David Morris

Personal information
- Date of birth: February 8, 1978 (age 47)
- Place of birth: Burnaby, British Columbia, Canada
- Height: 6 ft 2 in (1.88 m)
- Position(s): Defender

Youth career
- Capilano College

Senior career*
- Years: Team / Apps / (Gls)
- 1999: Abbotsford 86ers / 15 / (14)
- 1999: → Vancouver 86ers (loan) / 5 / (1)
- 2000–2007: Vancouver Whitecaps / 175 / (13)
- Total:  / 195 / (28)

= David Morris (soccer) =

Canadian soccer player

David Morris is a Canadian retired soccer defender who played professionally in the USL First Division. He was the 1999 USL Premier Development League Rookie of the Year.
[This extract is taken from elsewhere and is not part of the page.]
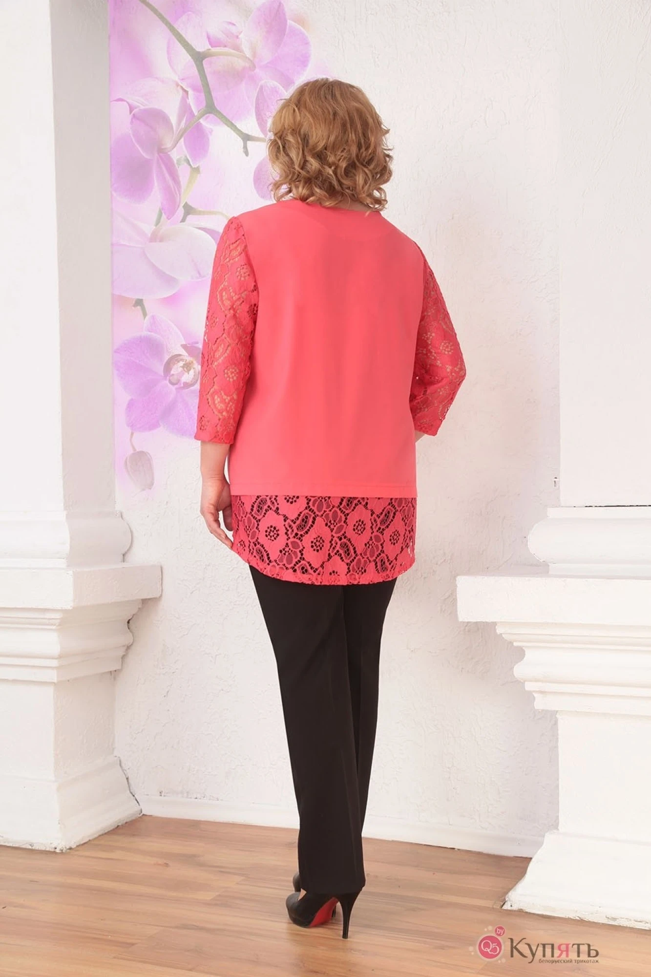 Брючный костюм Орхидея Люкс 718 коралл/черный

Morris attended, and played soccer, at Capilano College. In 1996, Capilano won the Canadian college championship. Morris was the tournament MVP. In 1999, Morris signed with the Abbotsford 86ers of the USL Premier Development League. His outstanding play, fourteen goals in fifteen games, led to his selection as the USL PDL Rookie of the Year. It also led to his being called up to the Vancouver 86ers five times that season. In 2000, Morris made a permanent move to Vancouver where he played until 2007. After his retirement from professional soccer, Morris continued playing for Pegasus FC in the Vancouver Metro Soccer League.